Monday, October 25, 2010

The Week Before Halloween

With less than a week before Halloween, exactly a month before Thanksgiving, and exactly two months before Christmas Day, I have plenty of things to do and increasingly less time to do it. I got started early this week with the laundry. Not as early as I would have liked, but I still in by quarter of 10 and out by just after 11. For once, I timed it well. There was only one other person when I got there. As I was leaving, at least three or four other people arrived with big loads of laundry.

I didn't work until 2, so I had plenty of time to put the laundry away. After I finished that, I ran to the library really quick to return Charlie and Lola and The Fantastic Mr. Fox.

When I got home, I worked on editing the Bowery Boys story we're currently writing. When Slip angers a gypsy, she puts a curse on him, the other Boys, Gabe Moreno, and Louie Dumbrowski that turns them all into women. They have to find the Gypsy to lift the curse...and figure out how to literally walk in someone else's high heels.
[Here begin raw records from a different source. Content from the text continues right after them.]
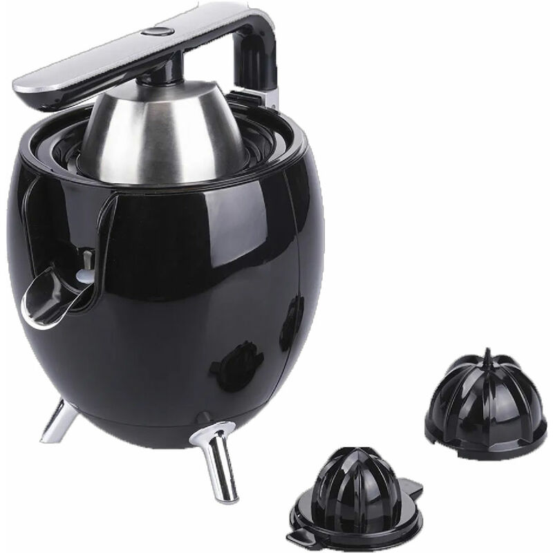 Corpo principale in pp. a 2 coni: cono grande per arance e pompelmi, cono piccolo per limoni. impugnatura in alluminio pressofuso, pressa in acciaio inossidabile. piedini cromati antiscivolo. beccuccio anti-gocciolamento in acciaio inossidabile. smontabil
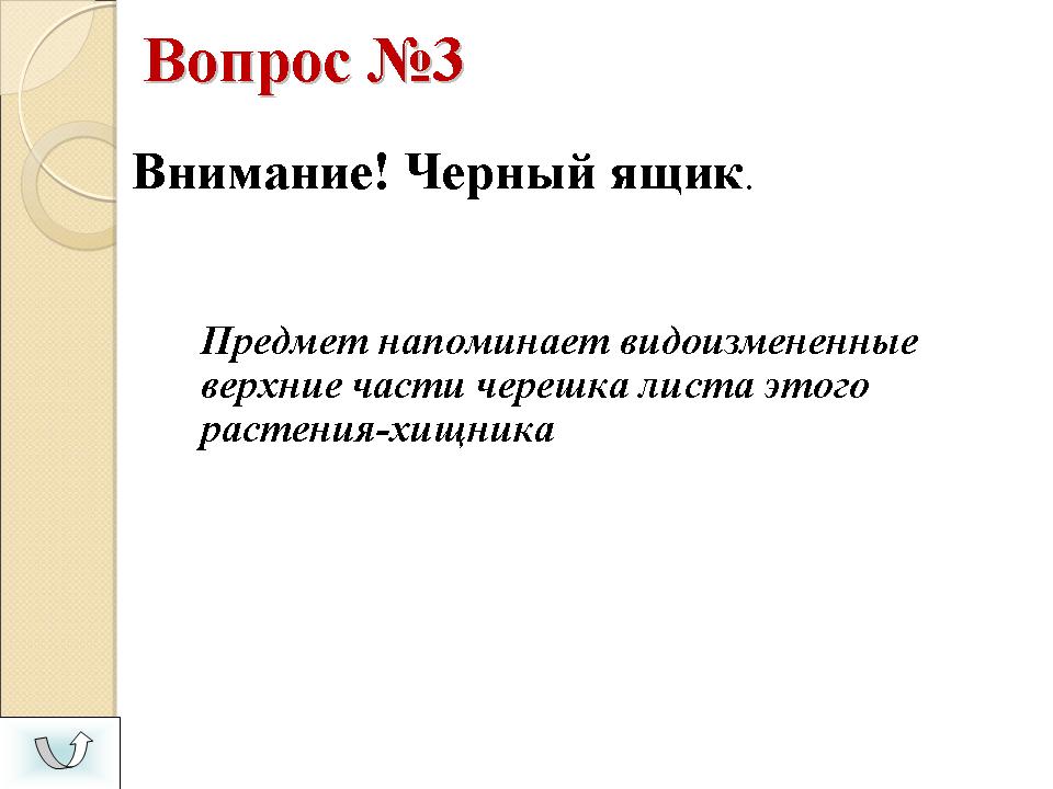 Слайд 7. Вопрос 3. Внимание! Черный ящик. Предмет напоминает видоизмененные верхние части черешка листа этого растения-хищника.
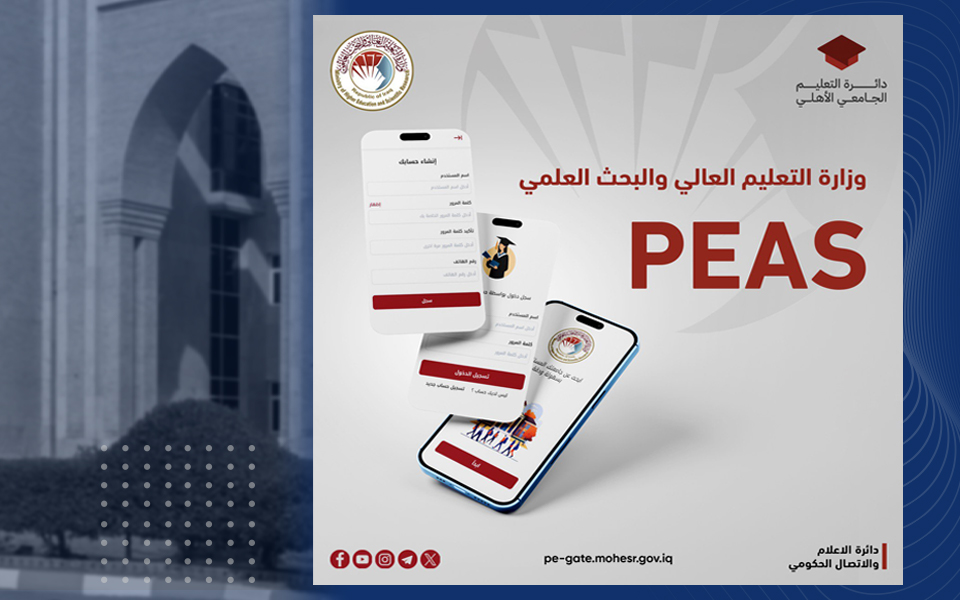 أعلنت وزارة التعليم العالي والبحث العلمي عن إطلاق مرحلة التقديم الإلكتروني المركزي للقبول في الجامعات والكليات الأهلية للعام الدراسي 2025/2024، وذلك عبر منصة التسجيل الإلكترونية. ووفقاً للضوابط المعتمدة، يمكن للطلبة تعبئة استمارات التقديم عبر التطبيق الإلكتروني PEAS، حيث يتيح لهم اختيار أربعة برامج دراسية ضمن القناة العامة، إضافة إلى خيارين آخرين عند التقديم عبر القنوات الخاصة.

(I posted some other stories late last night as well. Look for two more fairy tales, a short Slip and Sach story, and a longer story about the Boys' trip to Niagara Falls at The Basement Clubhouse on our site The Riverside Rest!)

I got things done so quickly today, I even had time for a decent lunch of leftover chili and home-made rye bread with farm market honey before I changed into my uniform and left for work.

Work was very busy, and a bit of a pain. We had a lot of annoying people today, including one woman who held up my line when she didn't get half of what she was supposed to on her WIC Checks. I finally got fed up with waiting and put her things aside to take my now-long line. She threw a fit, even after the managers explain that you're supposed to get what the pamphlet says, not what you want or what a dairy man says you can get.

(Please, PLEASE read those WIC Checks pamphlets carefully before you come to the store! They tell you exactly what you should and shouldn't buy.)

Thankfully, I was able to get out and home with little fanfare. When I got home, I made an omelet with farm market vegetables and cheese for dinner and watched the first half of Paris '36 (or Faubourg '36). Monsieur Pigoli was the manager of the Chansonia for 35 years before the owner killed himself and the theater shut down. He's heartbroken when he is unable to keep his beloved son with him and the Chansonia is bought by a ruthless Fascist businessman. He thinks he might have a chance when the businessman reopens the Chansonia and he discovers that the businessman's mistress is a wonderful singer. But she might be too good for the small-time music hall...and too embroiled on the wrong side the left-leaning, strike-encouraging stagehand who is pursuing her.

Though technically this isn't a musical, music does play a big part in this tale of changing politics, broken dreams, and lost memories in Paris just as the Popular Front came in. I'm especially enjoying Pigoli's tale. The story of the mistress and the striker is a bit more conventional, but still touching.